• TASK BRIEF: Using the records below, transcribe exactly only the lines from the one with "2023年底,最高人民法院发" through the end, both included, and drop every picture.

######

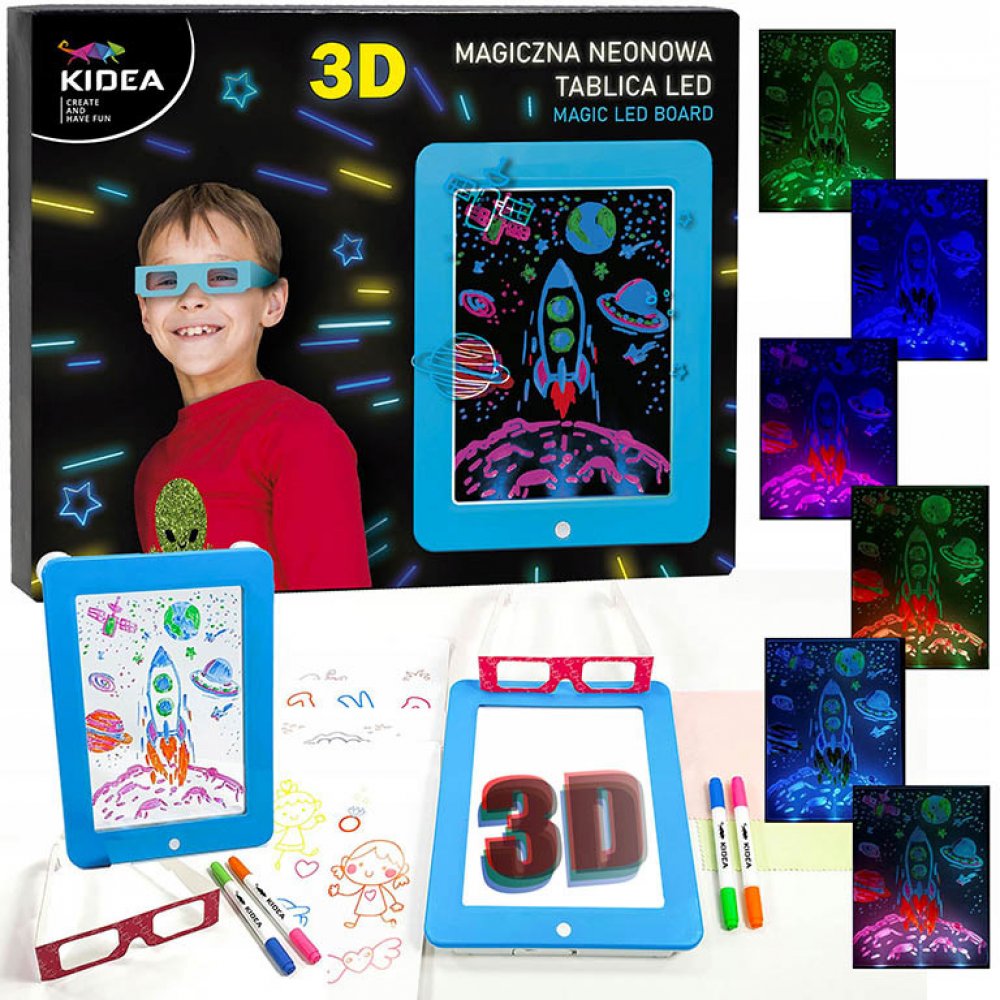 KIDEA Psací a kreslící 3D tablet LED s podsvícením
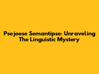 Psejoese Semantipse: Unraveling The Linguistic Mystery
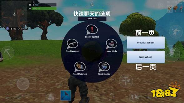 由于目前移动设备还不能语音沟通,所以有时候需求道具,队友根本不知道。这时候我们点开感叹号后,选择前一页,也就是英文“Previous Wheel”。
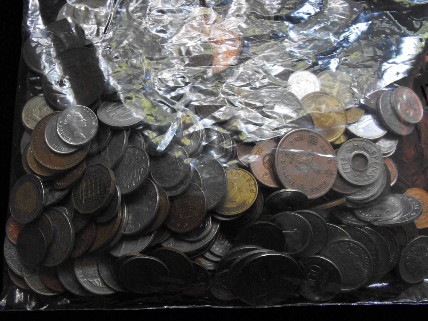 OVER 2 POUNDS OF FOREIGN COINS HUNDREDS OF COINS
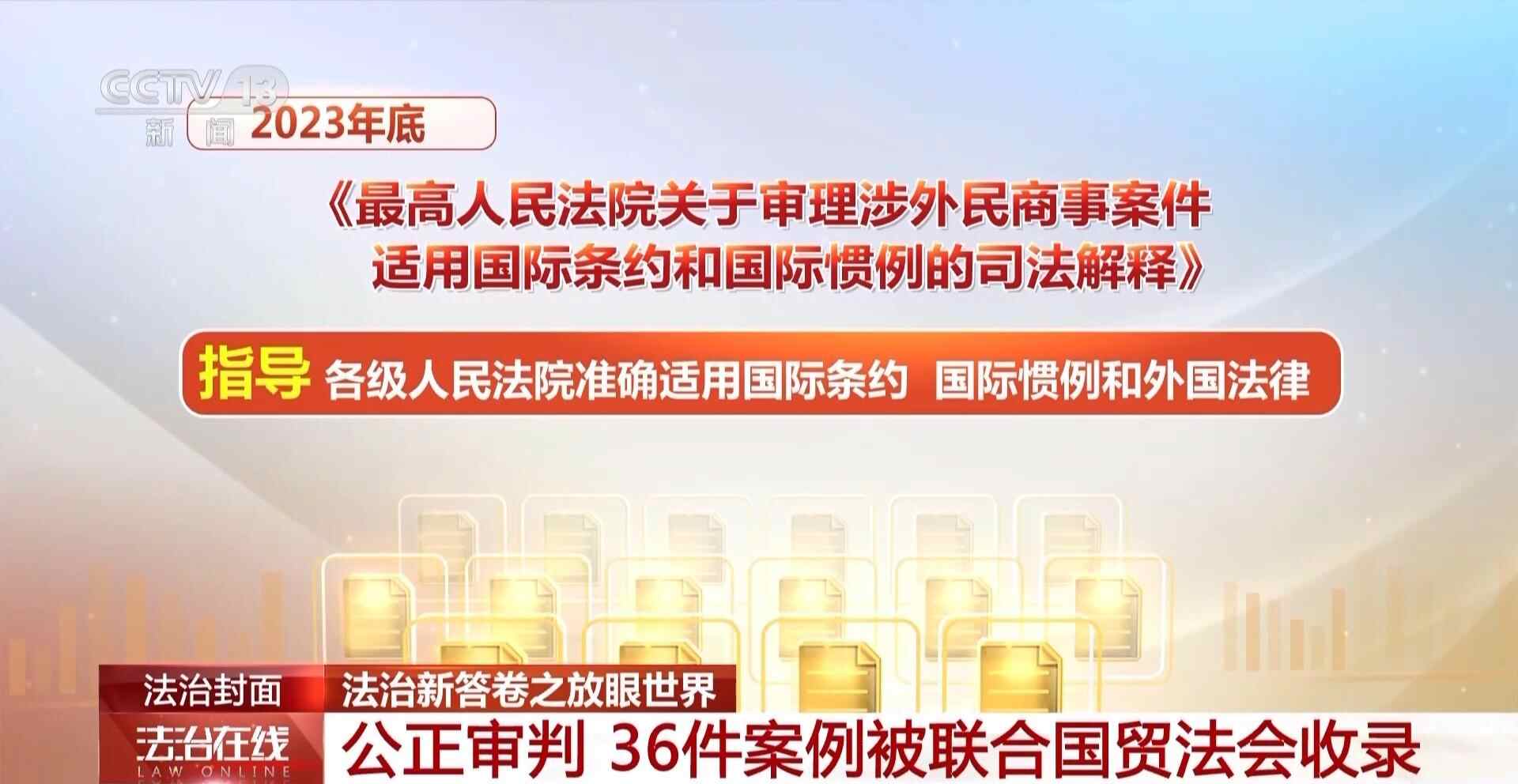 2023年底,最高人民法院发布审理涉外民商事案件适用国际条约和国际惯例的司法解释,指导各级人民法院准确适用国际条约、国际惯例和外国法律,审结了一批有规则指引意义的涉外商事案件。目前,已有36件案例被联合国贸法会法规判例法数据库收录,有力阐释了我国的涉外法治理念。
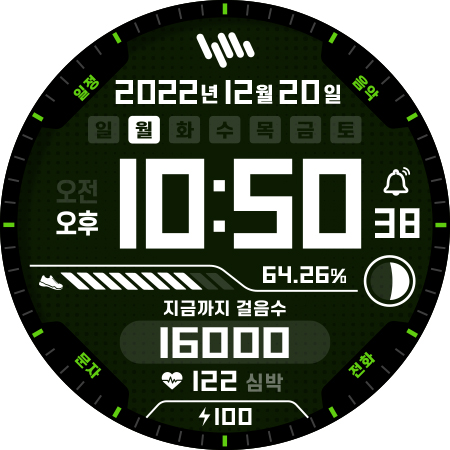 WatchFace ha una batteria, un contapassi e una misurazione della frequenza cardiaca.
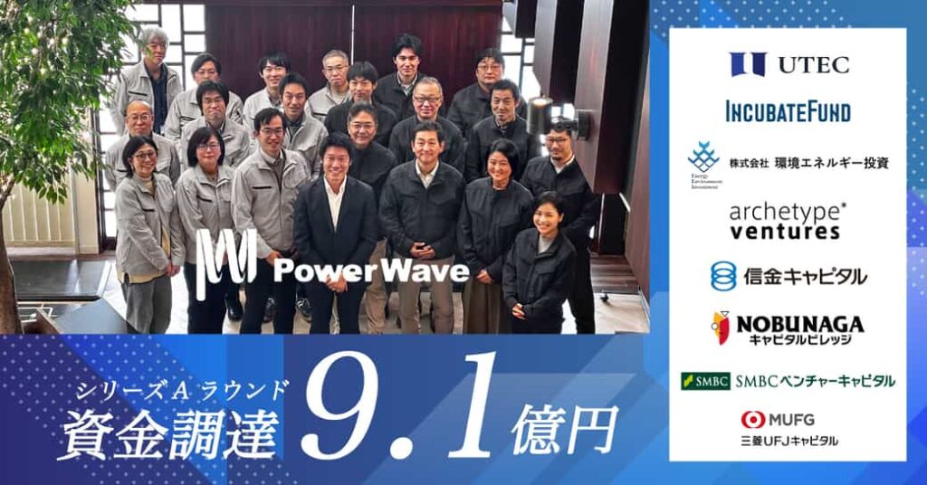 パワーウェーブ( 本社:愛知県豊橋市、代表取締役CEO:種田憲人 )は、Series Aラウンドとして複数のベンチャーキャピタルを引受先とした第三者割当増資により、総額9.1億円の資金調達を実施した。
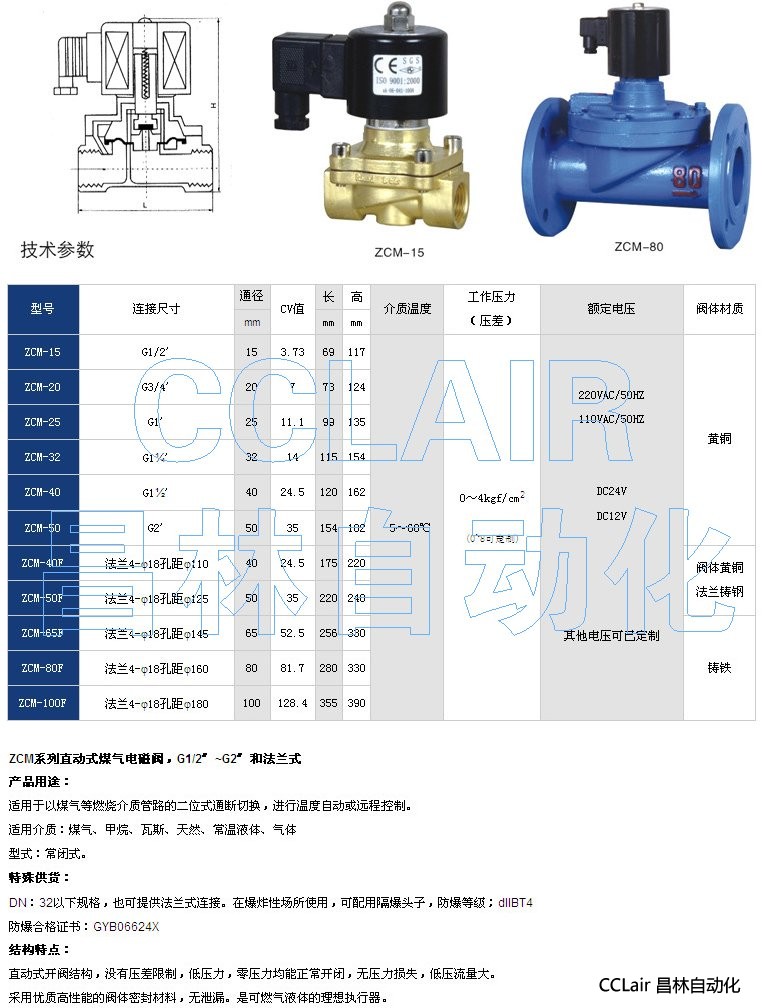 ZCM-15,ZCM-20,ZCM-25,ZCM-32,ZCM-40,直動式煤氣電磁閥,G1/2〞~G2〞和法蘭式
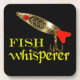 Funny fishing coaster for all fishermen and fisherwomen. Fish Whisperer in text with a full colour fishing lure near the top.
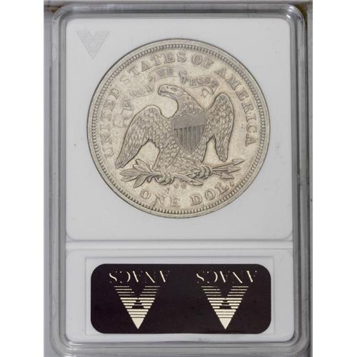 <B>1870-CC<img border='0' src='http://www.heritagecoins.com/images/star.gif' width=10 height=10>$1>--Cleaned--ANACS. AU50 Details.</B></I> Variety 1-C. A scarce die combination, since the C reverse is usually paired with the 3 obverse die. A glossy and hairlined piece with tan and cream-gray toning. The most common Carson City Seated dollar, but still quite scarce, since only 11,758 pieces were struck.
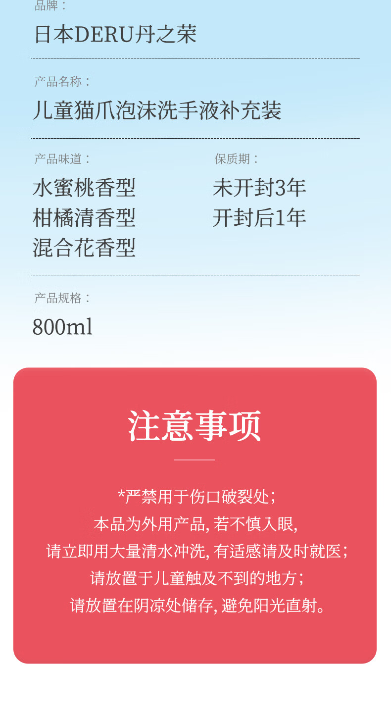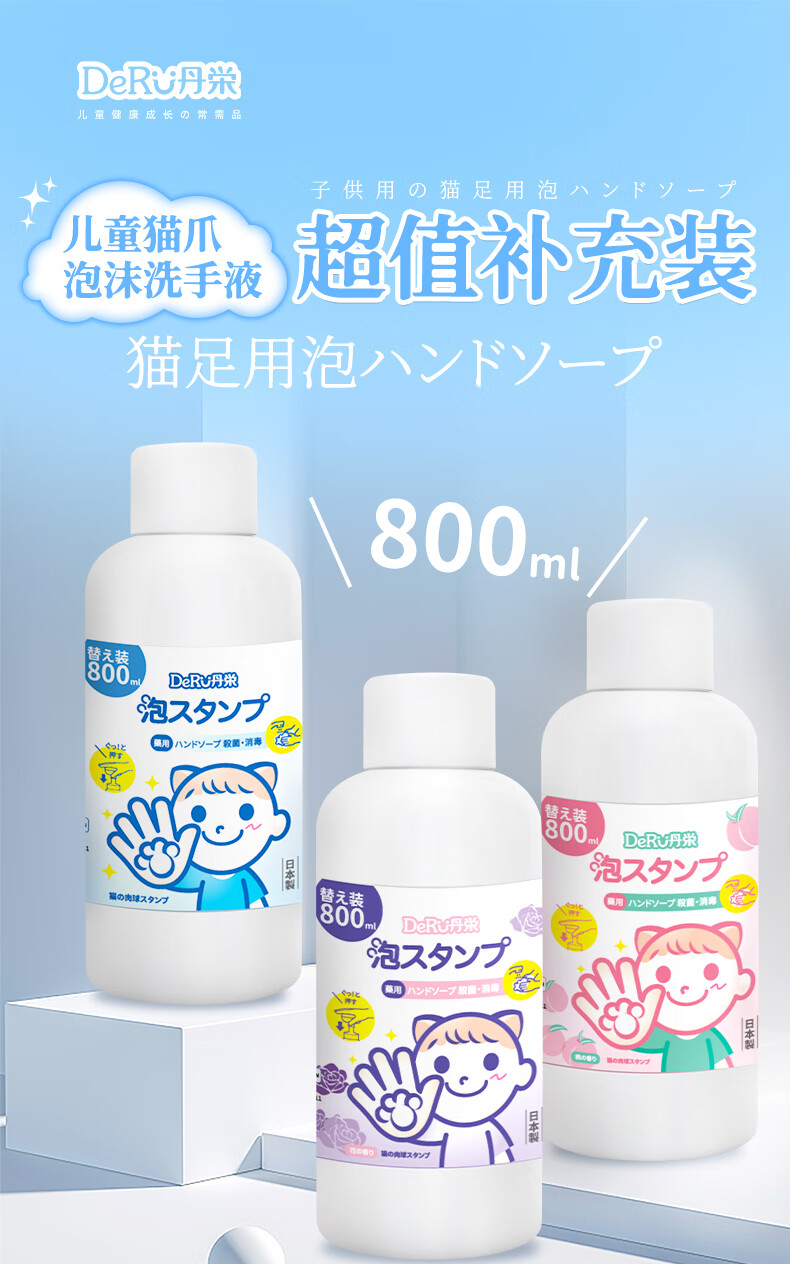 DeRU丹之荣 猫爪儿童泡沫洗手液补充装滋润护手花果香型 800ml/瓶
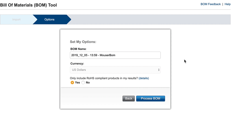 Seçenekleriniz kesinleştiğinde Mouser'ın Ürün Ağacı Aracı Ürün Ağacınızdaki ürünleri eşleştirmeye başlayacaktır. İşlem süresi, ürün ağacınızın boyutuna bağlı olarak çok kısa bir süreyle birkaç dakika arasında değişebilir.
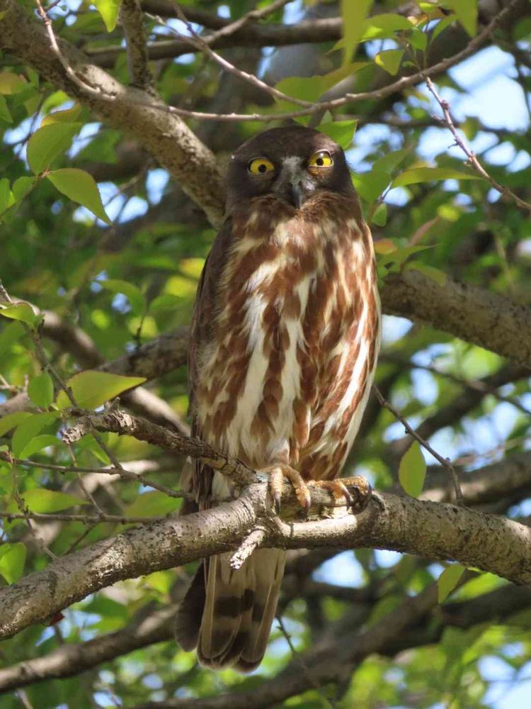 ①アオバズク:初めての出会い。調べたらアオバズク(フクロウ科アオバズク属)と判明。大きな目と身体の縞模様が特徴で、体長約30cm。近づいてもじっとしていて可愛かったです。
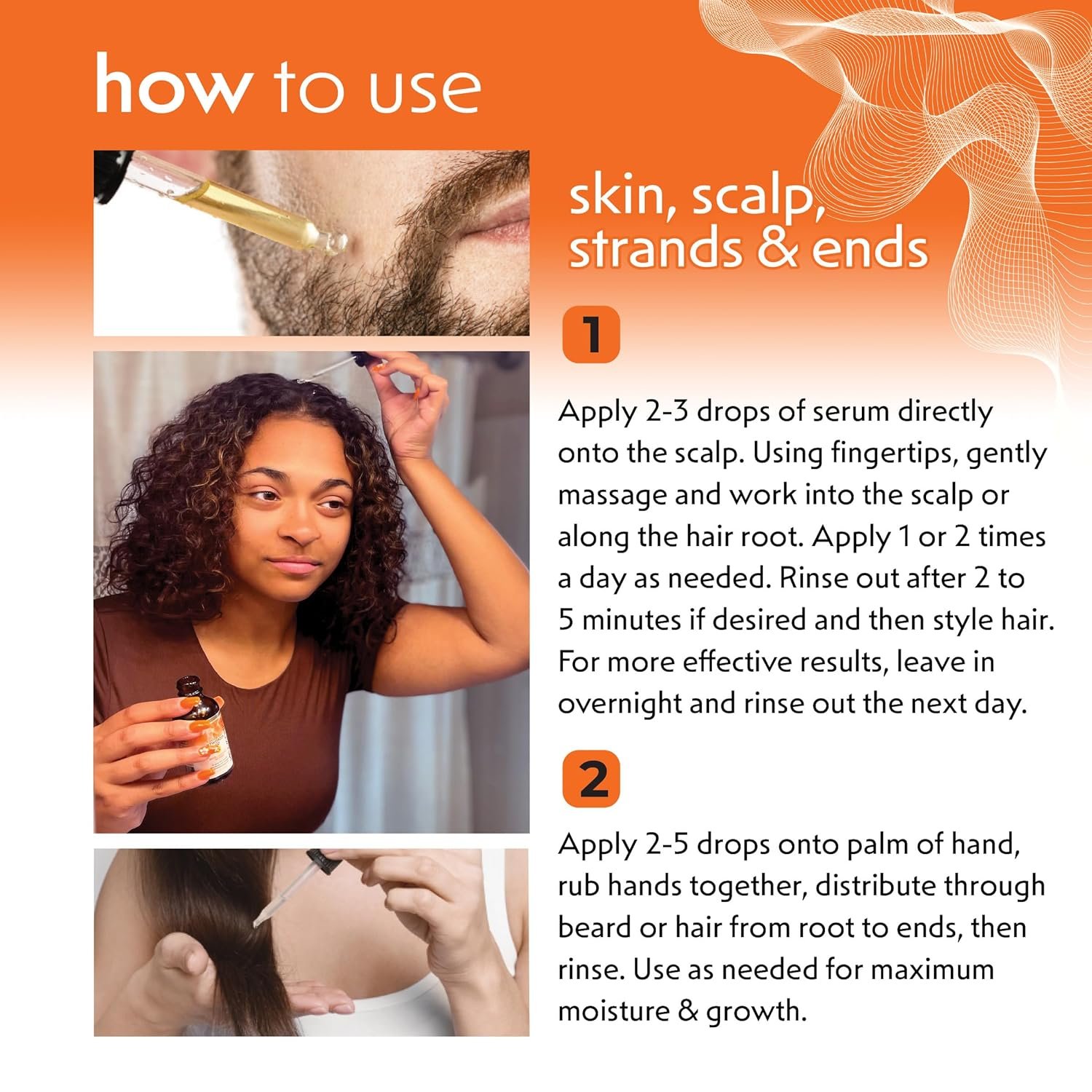Apply 2-3 drops of serum directly onto the scalp. Using fingertips, gently massage and work into the scalp or along the hair root. Apply 1 or 2 times a day as needed for maximum moisture and growth. For more effective results, leave in overnight and rinse out the next day.

######

• TASK RESULT:
 2023年底,最高人民法院发布审理涉外民商事案件适用国际条约和国际惯例的司法解释,指导各级人民法院准确适用国际条约、国际惯例和外国法律,审结了一批有规则指引意义的涉外商事案件。目前,已有36件案例被联合国贸法会法规判例法数据库收录,有力阐释了我国的涉外法治理念。
 WatchFace ha una batteria, un contapassi e una misurazione della frequenza cardiaca.
 パワーウェーブ( 本社:愛知県豊橋市、代表取締役CEO:種田憲人 )は、Series Aラウンドとして複数のベンチャーキャピタルを引受先とした第三者割当増資により、総額9.1億円の資金調達を実施した。
 ZCM-15,ZCM-20,ZCM-25,ZCM-32,ZCM-40,直動式煤氣電磁閥,G1/2〞~G2〞和法蘭式
 Funny fishing coaster for all fishermen and fisherwomen. Fish Whisperer in text with a full colour fishing lure near the top.
 <B>1870-CC<img border='0' src='http://www.heritagecoins.com/images/star.gif' width=10 height=10>$1>--Cleaned--ANACS. AU50 Details.</B></I> Variety 1-C. A scarce die combination, since the C reverse is usually paired with the 3 obverse die. A glossy and hairlined piece with tan and cream-gray toning. The most common Carson City Seated dollar, but still quite scarce, since only 11,758 pieces were struck.
 DeRU丹之荣 猫爪儿童泡沫洗手液补充装滋润护手花果香型 800ml/瓶
 Seçenekleriniz kesinleştiğinde Mouser'ın Ürün Ağacı Aracı Ürün Ağacınızdaki ürünleri eşleştirmeye başlayacaktır. İşlem süresi, ürün ağacınızın boyutuna bağlı olarak çok kısa bir süreyle birkaç dakika arasında değişebilir.
 ①アオバズク:初めての出会い。調べたらアオバズク(フクロウ科アオバズク属)と判明。大きな目と身体の縞模様が特徴で、体長約30cm。近づいてもじっとしていて可愛かったです。
Apply 2-3 drops of serum directly onto the scalp. Using fingertips, gently massage and work into the scalp or along the hair root. Apply 1 or 2 times a day as needed for maximum moisture and growth. For more effective results, leave in overnight and rinse out the next day.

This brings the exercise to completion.